2.2.3 Open and Read Files
curl -i -L "http://uhadoop-******-master1:50070/webhdfs/v1/tmp/uhadoop.txt?op=OPEN"
2.2.4 Delete Files
curl -i -X DELETE "http://uhadoop-******-master1:50070/webhdfs/v1/tmp/uhadoop.txt?op=DELETE"

2.3 HttpFS

Httpfs is an http interface for HDFS provided by cloudera, which can access HDFS for reading and writing through WebHDFS Restful API. The difference from WebHDFS is that Httpfs does not require clients to access each node of the cluster, but only needs to authorize access to a single machine that has started the Httpfs service (UHadoop defaults to start Httpfs on master1:14000). As Httpfs is a web application in the embedded tomcat, it will be somewhat constrained in performance.

2.3.1 Upload File
  • Data Preparation

    touch httpfs_uhadoop.txt echo "httpfs_uhadoop" > httpfs_uhadoop.txt
  • Upload Data

    curl -i -X PUT -T httpfs_uhadoop.txt --header "Content-Type: application/octet-stream" "http://uhadoop-******-master1:14000/webhdfs/v1/tmp/httpfs_uhadoop.txt?op=CREATE&user.name=root&data=true"

    Annotation:

    1. Need to add the host of master1 in the cluster to the machine executing this command
    2. Need to add user.name in the url, otherwise will report “HTTP Status 401 - Authentication required” error
2.3.2 Append File
  • Data Preparation

    touch append_httpfs.txt echo "append_httpfs" > append_httpfs.txt
  • Append File

    curl -i -X POST -T append_httpfs.txt --header "Content-Type: application/octet-stream" "http://uhadoop-******-master1:14000/webhdfs/v1/tmp/httpfs_uhadoop.txt?op=APPEND&user.name=root&data=true"
2.3.3 Open and Read File
curl -i -L "http://uhadoop-******-master1:14000/webhdfs/v1/tmp/httpfs_uhadoop.txt?op=OPEN&user.name=root" curl -i -X DELETE "http://uhadoop-******-master1:14000/webhdfs/v1/tmp/uhadoop.txt?op=DELETE"
2.3.4 Delete File
curl -i -X DELETE "http://uhadoop-******-master1:14000/webhdfs/v1/tmp/httpfs_uhadoop.txt?op=DELETE&user.name=root"

2.4 MapReduce Job

Taking terasort as an example, to demonstrate how to submit a MapReduce Job.

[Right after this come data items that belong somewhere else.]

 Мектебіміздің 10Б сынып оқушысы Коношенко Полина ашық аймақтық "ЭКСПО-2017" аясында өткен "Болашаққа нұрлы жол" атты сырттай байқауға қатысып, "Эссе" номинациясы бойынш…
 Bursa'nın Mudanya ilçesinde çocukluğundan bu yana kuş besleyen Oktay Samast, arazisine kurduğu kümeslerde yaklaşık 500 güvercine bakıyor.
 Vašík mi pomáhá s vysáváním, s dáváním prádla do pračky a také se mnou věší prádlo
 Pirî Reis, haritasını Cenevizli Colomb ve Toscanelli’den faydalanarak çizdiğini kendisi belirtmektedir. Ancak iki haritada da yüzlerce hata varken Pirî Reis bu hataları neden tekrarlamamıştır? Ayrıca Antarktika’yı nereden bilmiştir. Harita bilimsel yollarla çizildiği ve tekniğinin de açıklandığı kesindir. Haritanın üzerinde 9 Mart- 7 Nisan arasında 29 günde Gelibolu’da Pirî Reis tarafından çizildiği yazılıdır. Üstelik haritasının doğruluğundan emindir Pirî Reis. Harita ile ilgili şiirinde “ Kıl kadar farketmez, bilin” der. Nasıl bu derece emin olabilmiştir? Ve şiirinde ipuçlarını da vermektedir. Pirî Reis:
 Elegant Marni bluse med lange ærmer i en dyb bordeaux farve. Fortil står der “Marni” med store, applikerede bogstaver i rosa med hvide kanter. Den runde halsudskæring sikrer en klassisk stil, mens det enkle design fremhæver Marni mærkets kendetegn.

  • Generate official terasort input dataset

    hadoop jar /home/hadoop/hadoop-examples.jar teragen 100 /tmp/terasort_input
  • Submit Task

    hadoop jar /home/hadoop/hadoop-examples.jar terasort /tmp/terasort_input /tmp/terasort_output

2.5 HDFS Daily Operations

2.5.1 Restart Service

Restart Namenode: service hadoop-hdfs-namenode restart

Restart Datanode: service hadoop-hdfs-datanode restart

Restart ResourceManager: service hadoop-yarn-resourcemanager restart

Restart NodeManager: service hadoop-yarn-nodemanager restart

Restart the entire Hadoop service: Please operate it through the cluster service management page of the console.

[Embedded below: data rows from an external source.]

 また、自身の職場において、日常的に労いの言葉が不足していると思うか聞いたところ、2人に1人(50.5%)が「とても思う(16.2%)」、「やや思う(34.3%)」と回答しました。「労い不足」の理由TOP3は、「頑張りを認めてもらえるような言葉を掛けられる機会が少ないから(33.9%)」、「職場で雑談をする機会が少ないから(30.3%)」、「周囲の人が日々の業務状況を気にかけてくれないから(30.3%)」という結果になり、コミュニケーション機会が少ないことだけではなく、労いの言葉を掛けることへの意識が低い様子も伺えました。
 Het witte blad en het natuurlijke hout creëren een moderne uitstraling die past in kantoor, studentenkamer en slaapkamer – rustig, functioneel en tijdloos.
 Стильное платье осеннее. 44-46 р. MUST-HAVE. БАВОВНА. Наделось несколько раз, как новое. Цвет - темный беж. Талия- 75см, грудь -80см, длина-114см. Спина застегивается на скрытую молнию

2.5.2 Check HDFS status and node information
hdfs dfsadmin -report
2.5.3 Modify the Number of Replicas of HDFS Files
hdfs dfs -setrep -R [replication-factor] [targetDir]

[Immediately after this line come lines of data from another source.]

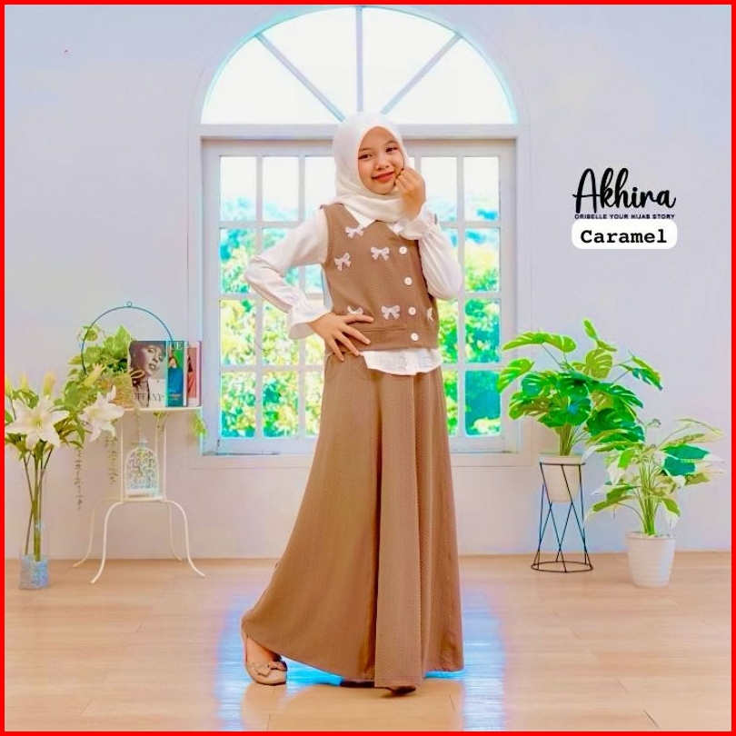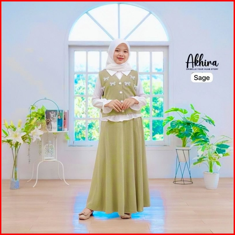 Akhira 3in1 Oneset Usia 9-16 Tahun Setelan Rok Remaja Tanggung Setelan Anak Perempuan Terbaru
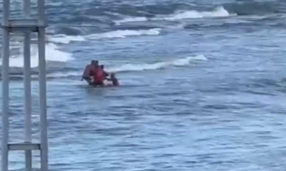 Um vídeo que circula nas redes sociais mostra o momento em que o banhista é retirado do mar carregado pelos guarda-vidas.
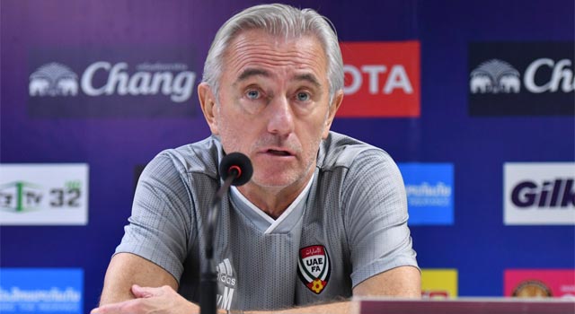 การแถลงข่าวครั้งนี้นำโดย เบิร์ต ฟาน มาร์ไวจ์ หัวหน้าผู้ฝึกสอนทีมชาติสหรัฐอาหรับเอมิเรตส์ พร้อมด้วย คอลิฟา อัล ฮามาดี้ กองหลังของทีม ในงานแถลงข่าว เบิร์ต ฟาน มาร์ไวจ์ หัวหน้าผู้ฝึกสอน ทีมชาติสหรัฐอาหรับเอมิเรตส์ กล่าวว่า
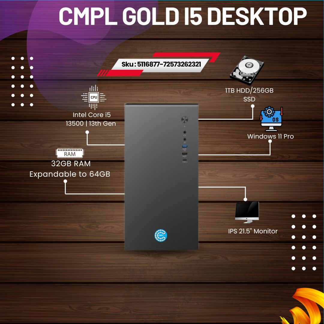 The system features the Intel Q670 chipset for optimal performance and compatibility. Paired with a 21.5" IPS LED Backlit monitor boasting a crisp 1920x1080 resolution, this setup is perfect for both work and entertainment. The tower form factor, ranging from 13.1 to 26 liters, ensures ample space for all components while maintaining a sleek design.

Example: Modify the number of HDFS root directory file replicas to 2, hdfs dfs -setrep -R 2 /

2.5.4 View HDFS File System Status
hadoop fsck /

The return result is shown as follows:

Total size: 455660769497 B (Total open files size: 44723814 B) Total dirs: 47975 Total files: 70456 Total symlinks: 0 (Files currently being written: 11) Total blocks (validated): 69916 (avg. block size 6517260 B) (Total open file blocks (not validated): 10) Minimally replicated blocks: 69916 (100.0 %) Over-replicated blocks: 0 (0.0 %) Under-replicated blocks: 87 (0.12443504 %) Mis-replicated blocks: 0 (0.0 %) Default replication factor: 3 Average block replication: 3.0011585 Corrupt blocks: 0 Missing replicas: 522 (0.24815665 %) Number of data-nodes: 4 Number of racks: 1 FSCK ended at Thu Nov 24 16:08:12 CST 2016 in 2044 milliseconds The filesystem under path '/' is HEALTHY

The above HEALTHY indicates that the current HDFS file system is normal, without bad blocks or data loss.